Шрифт:
Интервал:
Закладка:
Я пожал Гельфриду руку и тоже представился.
Так весной 1943 года началось мое первое знакомство с антифашистским движением немецких военнопленных.
За обедом я рассказал Мельцеру о своем новом знакомстве.
— Я тебе еще несколько недель назад говорил, что ты рано или поздно попадешь в кружок антифашистов, — заметил Мельцер.
— Но, Геральд, — попытался защищаться я, — у тебя ведь тоже возникает немало вопросов. Неужели ты не хочешь пойти на эту лекцию?
— Об этом не может быть и речи. Я не хочу иметь ничего общего с коммунистами.
Лицо Мельцера стало серым. Он молча ел суп и ни разу не взглянул на меня.
* * *Над входом в небольшой двухэтажный деревянный дом висела вывеска с коротким словом «Клуб». В клубе собиралась антифашистская группа пленных. Здесь они слушали лекции и доклады. Присутствовали человек двадцать пять. Общие собрания всех пленных проходили обычно под открытым небом.
Политический инструктор, из немецких эмигрантов, имел в клубе небольшую комнатку, где работал. Фамилия инструктора была Генрих Книпшильд. По профессии он был не то художником, не то графиком: он занимался не только пропагандой, но и снимал копии с картин Репина, Касаткина и Серова. Писал он также и портреты советских руководителей. Чувствовалось, что это был неплохой мастер.
Инструктор был средних лет. Он производил впечатление больного человека: дышал, как астматик, все лицо его было в мелких пятнышках.
Хорошо познакомившись с ним, я понял, что он убежденный антифашист. Стоило Книшпильду заговорить о Гитлере или услышать из уст какого-нибудь пленного офицера, пережившего окружение, что-то из фашистских лозунгов, как глаза его загорались гневом.
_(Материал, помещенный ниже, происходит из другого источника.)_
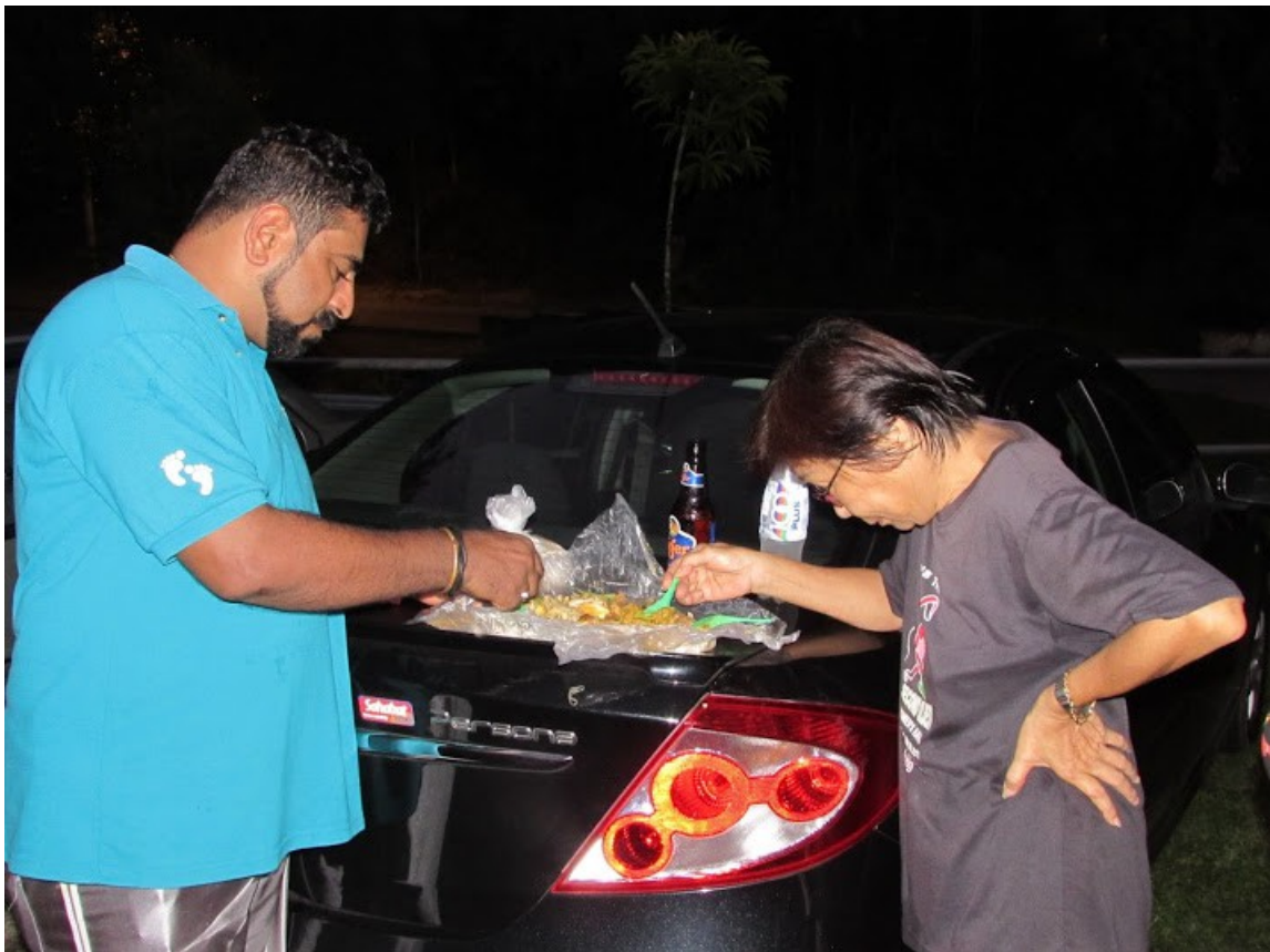
So why does your food taste better than mine?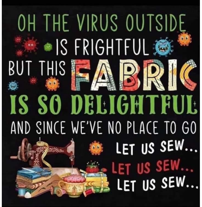
(attribution: unknown) ...and "show" as well.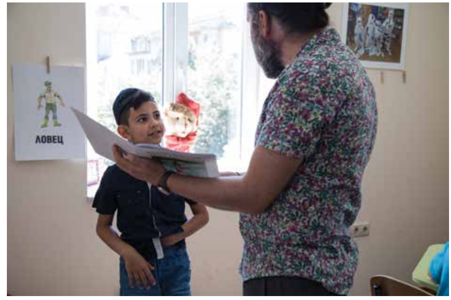
A Syrian refugee takes language lessons in Bulgarian at the Caritas Sofia offices in Bulgaria.

The initiative was shepherded by the CRS BiH program, which will also look to promote local scholarships, and identify potential internships and job placements with mayors and other public and private key stakeholders.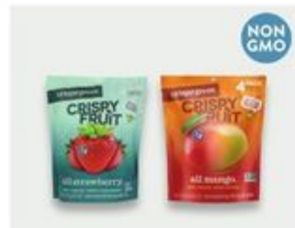
Crispy Green Freeze-Dried Fruit 6.99 4 pk, 1.69-3.39 oz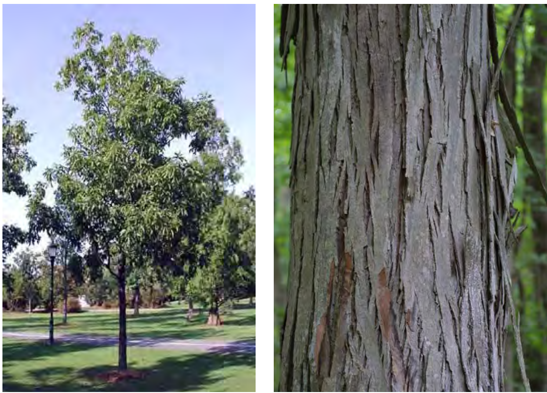
Carya ovata Common Name: Shagbark Hickory Mature Height: 60-80' Fall Color: Yellow-Brown

Bitternut hickory is the fastest growing of the hickories and features an interesting snakelike bark on young stems. It is native to area woodlands.

Книпшильд всегда был готов ответить на любой вопрос. Когда инструктор видел, что кто-то находится в разладе с самим собой, он любил давать дружеские советы.
Генрих Книпшильд сидел за столом, накрытым красной материей. Перед ним на четырех скамейках сидели двадцать офицеров. Все коротко пострижены. На одном из них — форма танкиста, на остальных — полевая форма пехотинца. Все с орденами или орденскими планками. Большинство из них — члены антифашистской группы. Симпатизирующих, кроме меня, оказалось еще двое.
Инструктор поздоровался с присутствующими, назвав их товарищами. Свою лекцию на тему «Приход Гитлера к власти» он начал небольшим введением о Версальском мирном договоре. Я впервые узнал, что Советский Союз не подписал этого грабительского договора. При этом Книпшильд процитировал Ленина, который заклеймил политику империалистических держав. Не менее ошеломляющей была для меня оценка, которую лектор дал господствующим кругам Германии в вопросе о репарациях: всевозможные налоги тяжелым бременем легли на трудовые массы, а представители финансового капитала наживались на поставках. Гитлер демагогическими обещаниями обманул немецкий народ, свалив всю вину на экономическое положение страны, на Версальский мирный договор. В стране процветали шовинизм и реваншизм, отвлекая народные массы от борьбы за свои права.
Постепенно я привык к сухому языку доклада, пересыпанному иностранными словами. Как логично он говорил!
Затем лектор перешел к мировому кризису 1929 года и рассказал о событиях вплоть до 1932 года. Когда разразился кризис, мне было всего лишь пятнадцать лет. Кое-что печальное из того времени запало и в мою мальчишескую память, особенно огромные массы безработных.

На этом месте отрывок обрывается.